I, like everyone, hate spoilers. They’re a special kind of soul-crushing. You do everything you can to avoid them, only to fall victim to a stray tweet, a loaded headline, an overeager Wikipedia editor. Or, on occasion, a devilish prank. On the day the last Harry Potter book came out—July 21, 2007—someone called my cell phone at 3 in the morning. For whatever reason, I answered. There was heavy breathing, and then two sickeningly voice-distorted words: “Hermione dies.” Click. Psychologists would refer to this as formative trauma. To this day, I have no idea who it was.

Hermione does not, of course, die. She very much lives, and goes on to snog Ron till some unwritten, presumably much-further-off death does them part. But how was I to know that? I read all of Deathly Hallows convinced that this—no, this—wait, here it comes—surely it must be now!—would be the part where Hermione would finally snuff it. Such is the proleptic agony of the enspoiled condition. Spoilers loom like shadows over a story, blotting out the light of possibility, ever announcing, Thanos-like, their horrible inevitability.
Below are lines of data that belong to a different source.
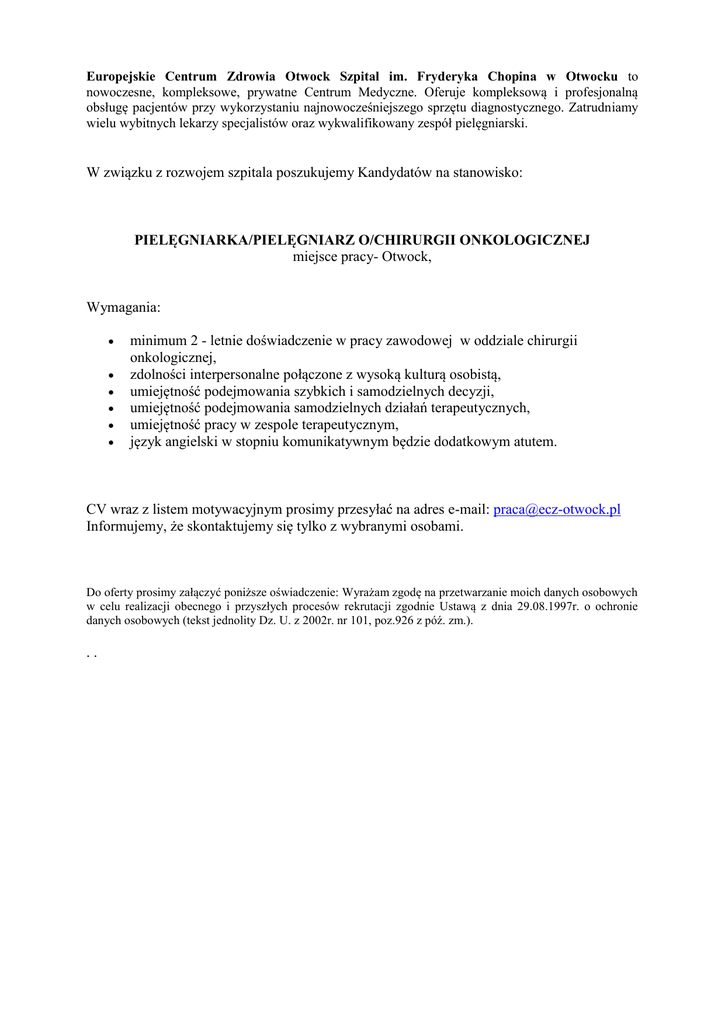 Europejskie Centrum Zdrowia Otwock Szpital im. Fryderyka Chopina w Otwocku to nowoczesne, kompleksowe, prywatne Centrum Medyczne. Oferuje kompleksową i profesjonalną obsługę pacjentów przy wykorzystaniu najnowocześniejszego sprzętu diagnostycznego. Zatrudniamy wielu wybitnych lekarzy specjalistów oraz wykwalifikowany zespół pielęgniarski. W związku z rozwojem szpitala poszukujemy Kandydatów na stanowisko: PIELĘGNIARKA/PIELĘGNIARZ O/CHIRURGII ONKOLOGICZNEJ miejsce pracy- Otwock, Wymagania: minimum 2 - letnie doświadczenie w pracy zawodowej w oddziale chirurgii onkologicznej, zdolności interpersonalne połączone z wysoką kulturą osobistą, umiejętność podejmowania szybkich i samodzielnych decyzji, umiejętność podejmowania samodzielnych działań terapeutycznych, umiejętność pracy w zespole terapeutycznym, język angielski w stopniu komunikatywnym będzie dodatkowym atutem. CV wraz z listem motywacyjnym prosimy przesyłać na adres e-mail: [email protected] Informujemy, że skontaktujemy się tylko z wybranymi osobami. Do oferty prosimy załączyć poniższe oświadczenie: Wyrażam zgodę na przetwarzanie moich danych osobowych w celu realizacji obecnego i przyszłych procesów rekrutacji zgodnie Ustawą z dnia 29.08.1997r. o ochronie danych osobowych (tekst jednolity Dz. U. z 2002r. nr 101, poz.926 z póź. zm.). ..
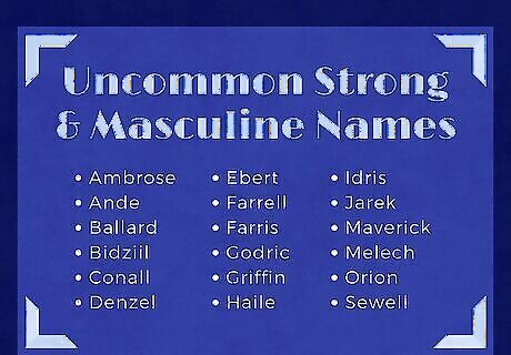 Choose a rare name if you want to stand out from the crowd. Depending on where you live, some powerful boy names will be more unique than others. Consider honoring your culture by choosing a name from your ethnic background, or simply go for something that sounds cool. For instance, Coffey suggests choosing a name with traditionally masculine associations, like Gunnar (associated with “gun”), Cash (related to a man being the provider), or Ford (associated with cars). Some other unique examples include: Ambrose (Greek for “immortal”) Amell (German for “power of an eagle”) Ande (African for “pillar”) Ansaldo (Italian for “power, leader”) Ballard (Scandinavian for “brave, strong”) Barrett (German for “strength of a bear”) Bidziil (Navajo for “he is strong”) Burke (English for “fortress”) Conall (Irish for “strong wolf”) Denzel (English for “high stronghold”) Ebert (American and German for “brave boar”) Farrell (Irish for “man of valor”) Farris (Scottish for “masculine strength”) Godric (English for “God’s ruler”) Griffin (Welsh for “strong prince”) Haile (Ethiopian for “power, force”) Idris (Welsh for “ardent lord”) Jarek (Slavic for “fierce, strong”) Maverick (English for “independent”) Melech (Hebrew for “king”) Orion (Greek for “heaven’s light”) Sewell (English for “strong sea”) Valente (Latin for “strong, healthy, brave”) Warrick (German for “leader who defends”) Wayan (Balinese and Sanskrit for “energy, strength”)
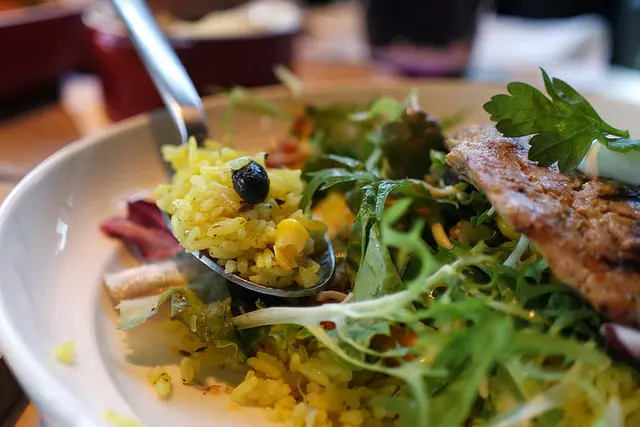 ▲單吃香料飯的味道倒是清淡了些,後來才發現是要加上一旁附的番茄莎莎醬!

There’s only one tool in the fight against that darkness, and you know it well: the SPOILER ALERT! The phrase dates back to the ’80s, when early computer geeks came online and realized some of their newfound peers had seen more Star Trek and read more comics than they had. In order to protect themselves from unwanted knowledge—like just how inevitable Thanos might be—they requested spoilers be formally alerted. Nearly half a century later, the practice has become so commonplace in nearly all writing about film, books, and TV that to make even coded references to possible major plot points is to prod the social internet into attack mode. We are all living, in other words, in the shadow of some teenage nerd’s angst.
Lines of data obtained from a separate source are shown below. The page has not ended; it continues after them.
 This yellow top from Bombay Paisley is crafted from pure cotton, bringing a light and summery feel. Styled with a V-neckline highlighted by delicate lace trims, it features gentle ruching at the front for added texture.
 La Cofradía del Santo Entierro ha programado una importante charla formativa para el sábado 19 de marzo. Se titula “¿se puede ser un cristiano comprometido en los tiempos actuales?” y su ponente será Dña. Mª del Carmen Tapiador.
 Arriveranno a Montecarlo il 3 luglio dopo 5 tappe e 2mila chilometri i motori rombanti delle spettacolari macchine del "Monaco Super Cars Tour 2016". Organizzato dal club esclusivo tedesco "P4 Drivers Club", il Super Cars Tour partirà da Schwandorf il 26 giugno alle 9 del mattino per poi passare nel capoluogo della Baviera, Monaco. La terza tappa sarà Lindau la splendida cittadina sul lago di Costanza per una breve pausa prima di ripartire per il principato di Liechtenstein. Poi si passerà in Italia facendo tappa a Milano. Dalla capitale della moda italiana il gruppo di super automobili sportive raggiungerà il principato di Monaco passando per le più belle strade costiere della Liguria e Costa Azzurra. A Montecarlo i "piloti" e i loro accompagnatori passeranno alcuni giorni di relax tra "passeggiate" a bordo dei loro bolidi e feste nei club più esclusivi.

Well, now I think I hate spoiler alerts.

The obvious question spoiler alerts raise is this: What’s so scary about knowing what happens? About knowing, ultimately, how it ends? Nobody freaks out about beginnings. Actually, that’s not true. Beginnings freak people out for separate reasons. Think about artists, perpetually unsure of how to start their sure-to-be-great work. The intro of a song, the opening shot of a film, a journalist’s lede—you can practically see the blood beading at their temples as they struggle to commit to one path or another. The fantasy writer Patrick Rothfuss went through something like 40 drafts of the first page of his book The Name of the Wind. Janet Malcolm did a version of the same thing when she profiled the artist David Salle. In the end, that’s all she published in The New Yorker: “Forty-One False Starts.” We’re a society obsessed with origin stories, with beginnings.